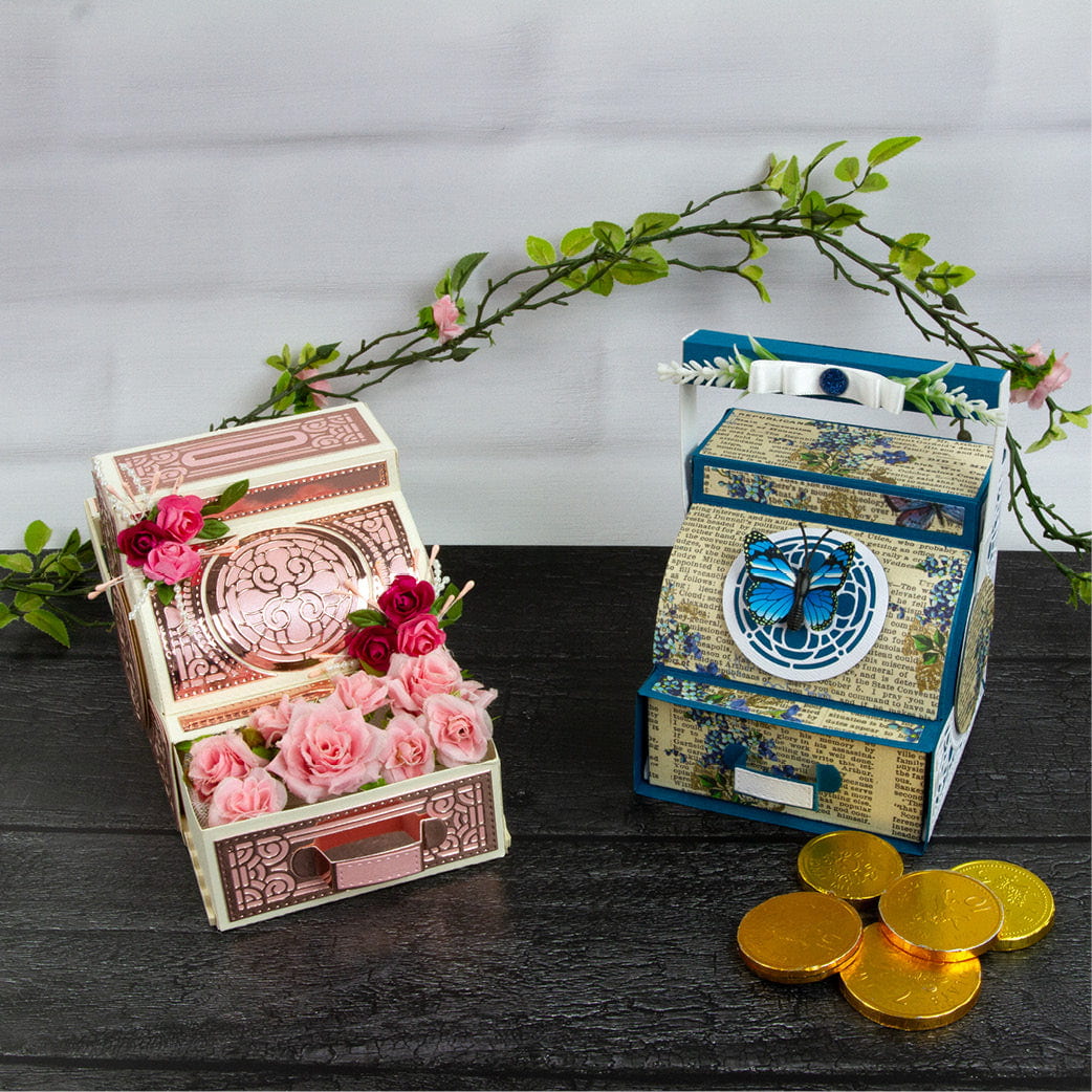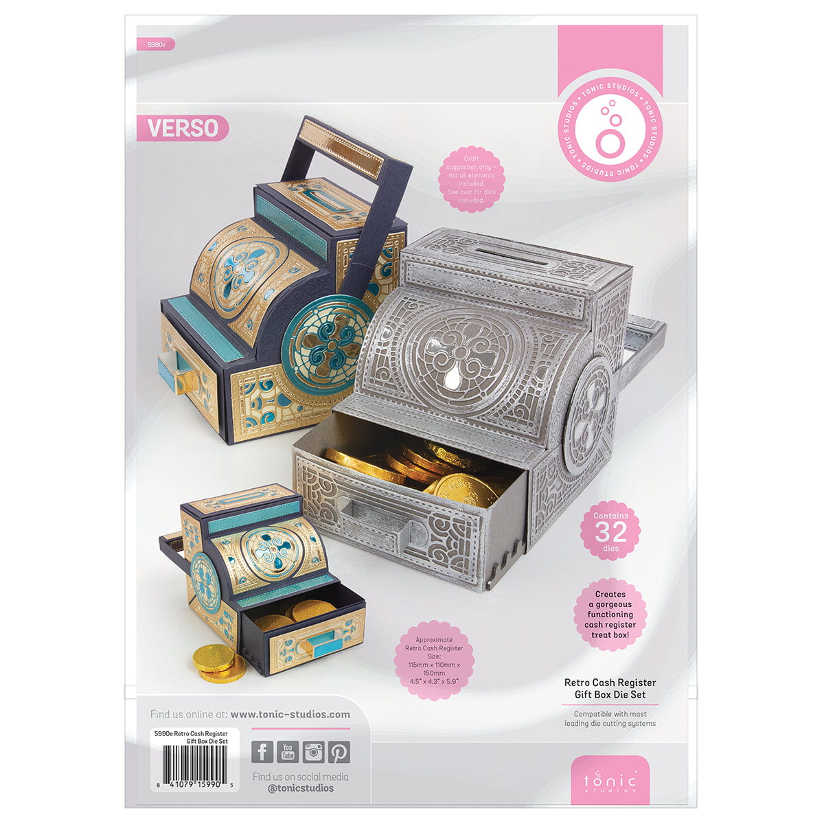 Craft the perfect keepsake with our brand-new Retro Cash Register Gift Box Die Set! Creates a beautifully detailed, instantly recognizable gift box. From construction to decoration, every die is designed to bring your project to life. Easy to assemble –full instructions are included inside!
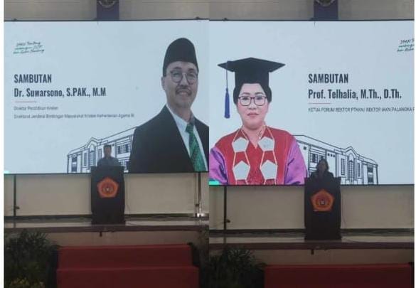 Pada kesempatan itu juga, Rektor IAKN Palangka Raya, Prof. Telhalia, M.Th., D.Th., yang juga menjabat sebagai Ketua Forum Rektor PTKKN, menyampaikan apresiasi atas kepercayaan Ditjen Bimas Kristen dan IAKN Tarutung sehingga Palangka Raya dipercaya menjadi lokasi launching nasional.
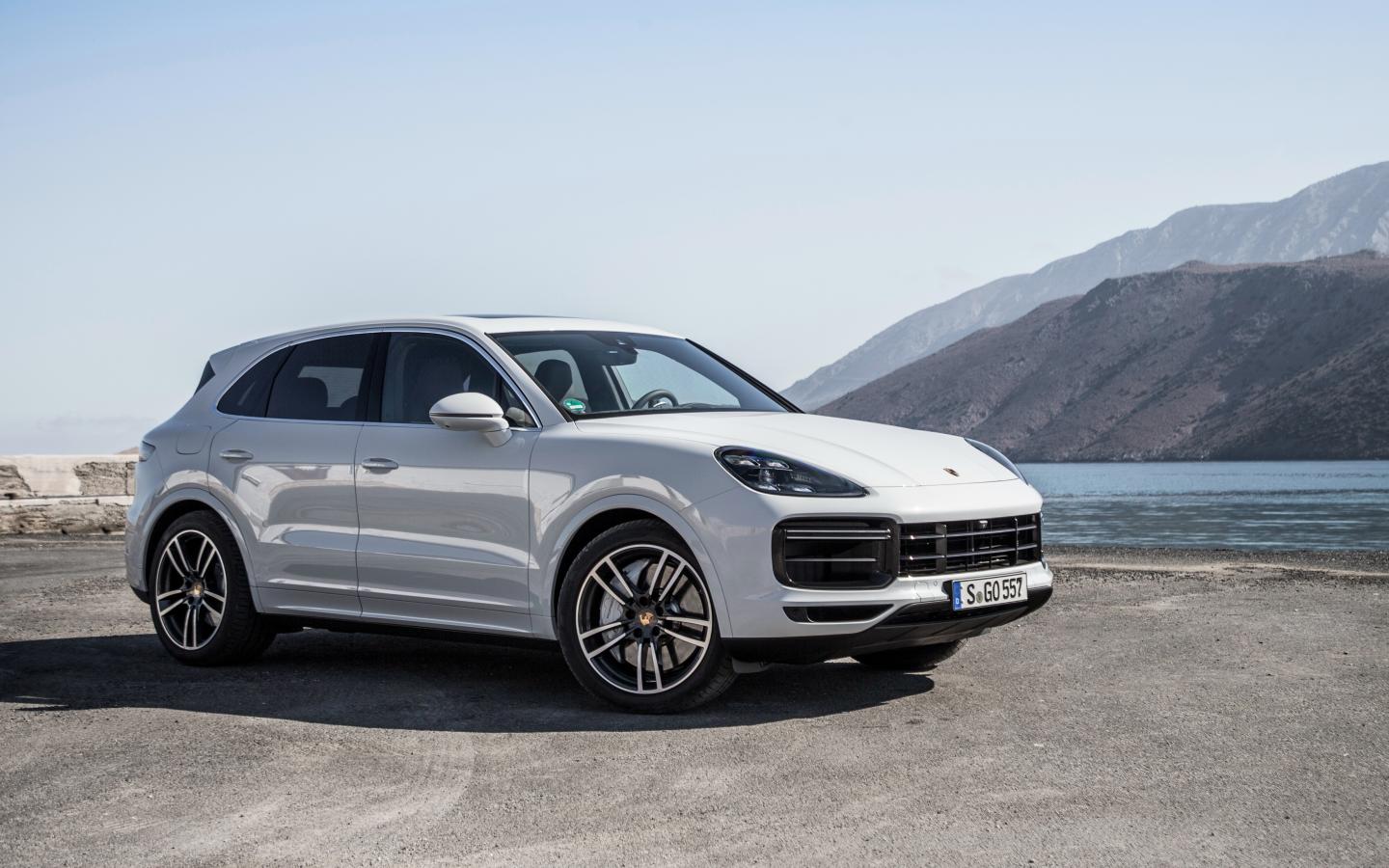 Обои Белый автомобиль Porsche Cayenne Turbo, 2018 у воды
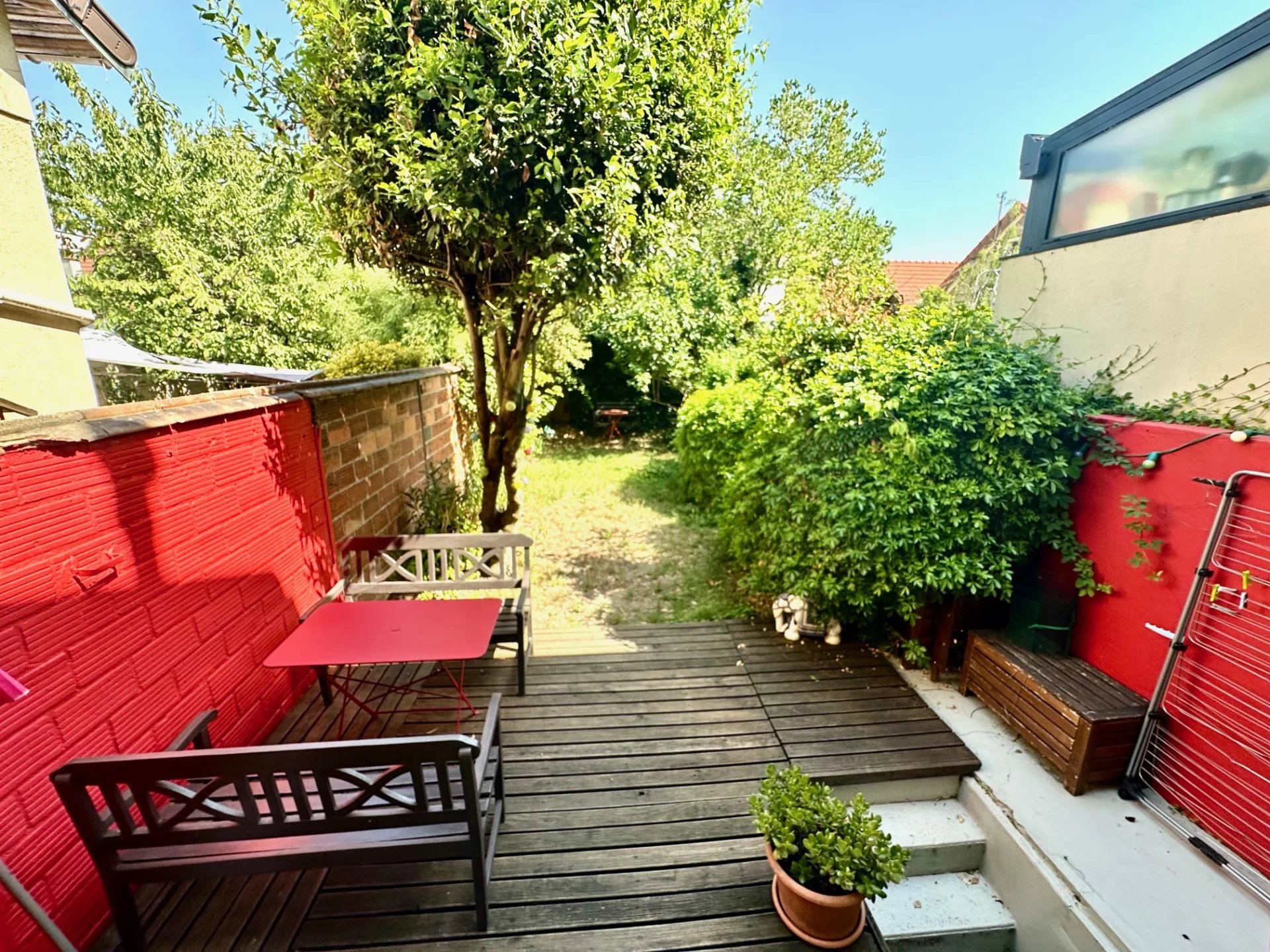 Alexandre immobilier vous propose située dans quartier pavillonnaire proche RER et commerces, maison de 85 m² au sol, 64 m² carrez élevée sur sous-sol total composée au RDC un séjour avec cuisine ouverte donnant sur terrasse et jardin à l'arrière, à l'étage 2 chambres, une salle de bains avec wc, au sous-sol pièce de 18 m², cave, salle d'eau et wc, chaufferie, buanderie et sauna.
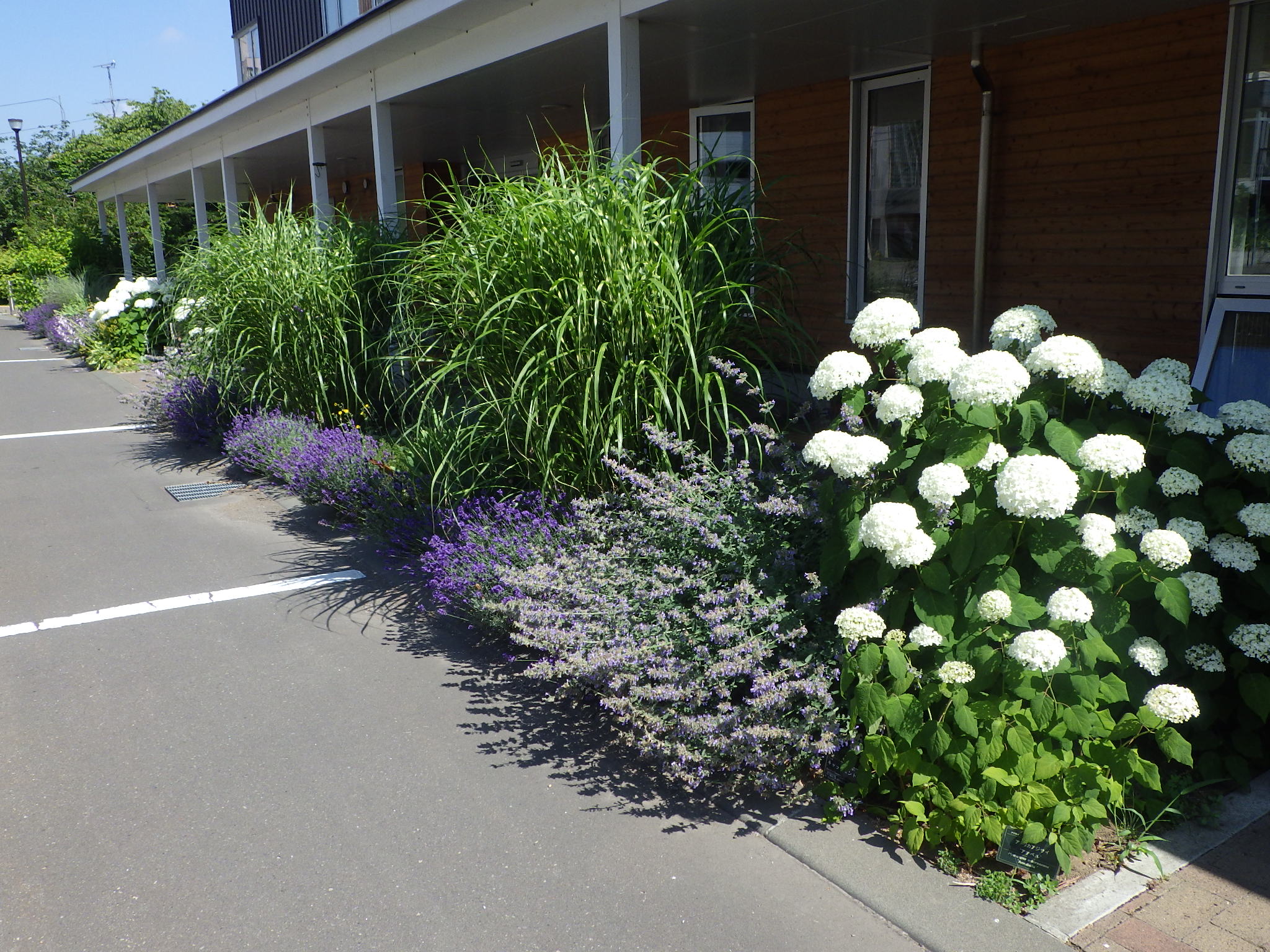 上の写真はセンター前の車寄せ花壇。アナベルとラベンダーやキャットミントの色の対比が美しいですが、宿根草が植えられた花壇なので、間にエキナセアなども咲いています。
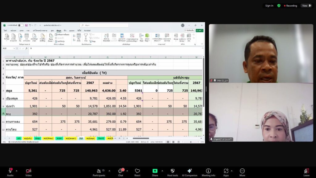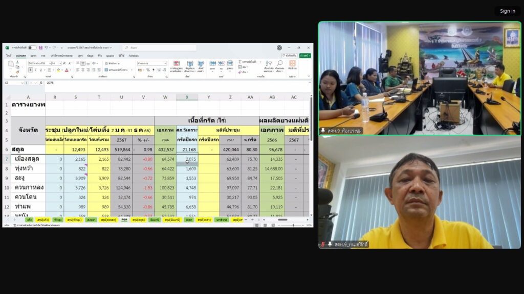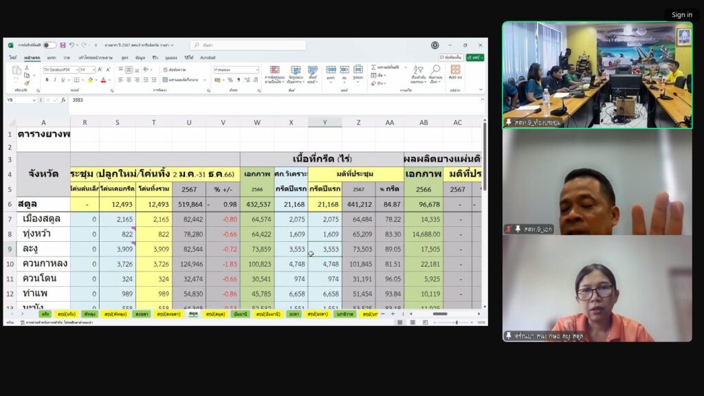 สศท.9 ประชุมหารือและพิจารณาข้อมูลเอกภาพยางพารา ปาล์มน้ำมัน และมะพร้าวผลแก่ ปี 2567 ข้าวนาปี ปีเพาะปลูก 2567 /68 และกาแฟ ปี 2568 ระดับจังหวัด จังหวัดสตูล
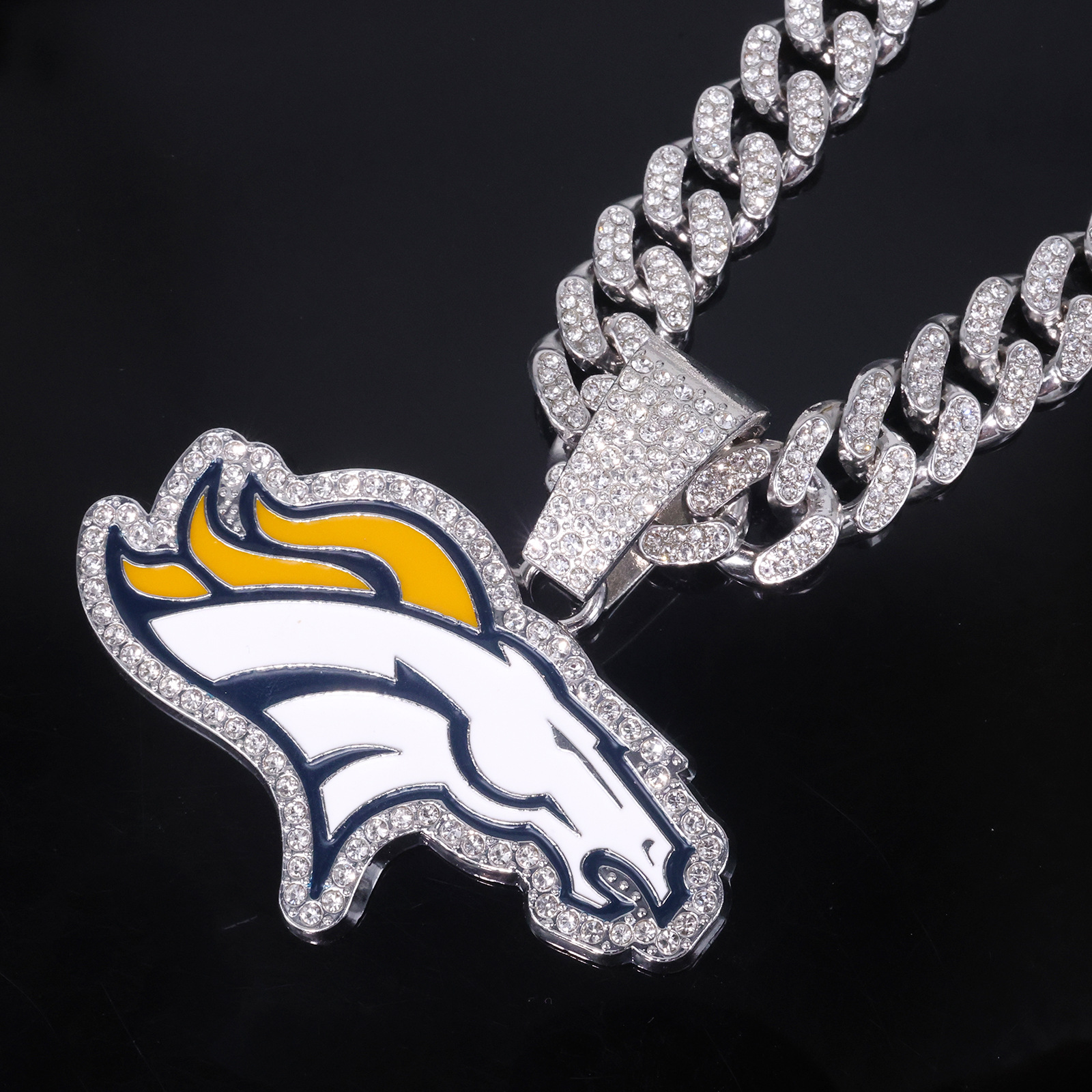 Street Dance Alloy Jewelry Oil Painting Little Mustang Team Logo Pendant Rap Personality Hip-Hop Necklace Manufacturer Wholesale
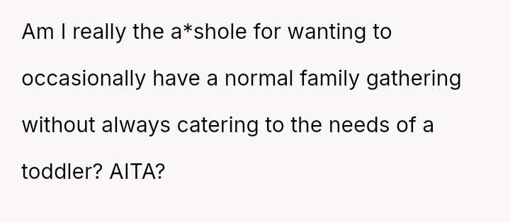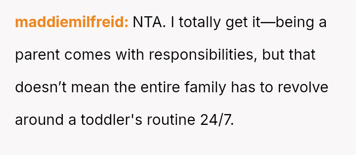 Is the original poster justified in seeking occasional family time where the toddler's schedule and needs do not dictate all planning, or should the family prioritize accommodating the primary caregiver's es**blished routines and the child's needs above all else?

━━━━

[The task]: Exclude the pictures and give back the rest of the data above exactly as written.

[Solution]:
 Craft the perfect keepsake with our brand-new Retro Cash Register Gift Box Die Set! Creates a beautifully detailed, instantly recognizable gift box. From construction to decoration, every die is designed to bring your project to life. Easy to assemble –full instructions are included inside!
 Pada kesempatan itu juga, Rektor IAKN Palangka Raya, Prof. Telhalia, M.Th., D.Th., yang juga menjabat sebagai Ketua Forum Rektor PTKKN, menyampaikan apresiasi atas kepercayaan Ditjen Bimas Kristen dan IAKN Tarutung sehingga Palangka Raya dipercaya menjadi lokasi launching nasional.
 Обои Белый автомобиль Porsche Cayenne Turbo, 2018 у воды
 Alexandre immobilier vous propose située dans quartier pavillonnaire proche RER et commerces, maison de 85 m² au sol, 64 m² carrez élevée sur sous-sol total composée au RDC un séjour avec cuisine ouverte donnant sur terrasse et jardin à l'arrière, à l'étage 2 chambres, une salle de bains avec wc, au sous-sol pièce de 18 m², cave, salle d'eau et wc, chaufferie, buanderie et sauna.
 上の写真はセンター前の車寄せ花壇。アナベルとラベンダーやキャットミントの色の対比が美しいですが、宿根草が植えられた花壇なので、間にエキナセアなども咲いています。
 สศท.9 ประชุมหารือและพิจารณาข้อมูลเอกภาพยางพารา ปาล์มน้ำมัน และมะพร้าวผลแก่ ปี 2567 ข้าวนาปี ปีเพาะปลูก 2567 /68 และกาแฟ ปี 2568 ระดับจังหวัด จังหวัดสตูล
 Street Dance Alloy Jewelry Oil Painting Little Mustang Team Logo Pendant Rap Personality Hip-Hop Necklace Manufacturer Wholesale
 Is the original poster justified in seeking occasional family time where the toddler's schedule and needs do not dictate all planning, or should the family prioritize accommodating the primary caregiver's es**blished routines and the child's needs above all else?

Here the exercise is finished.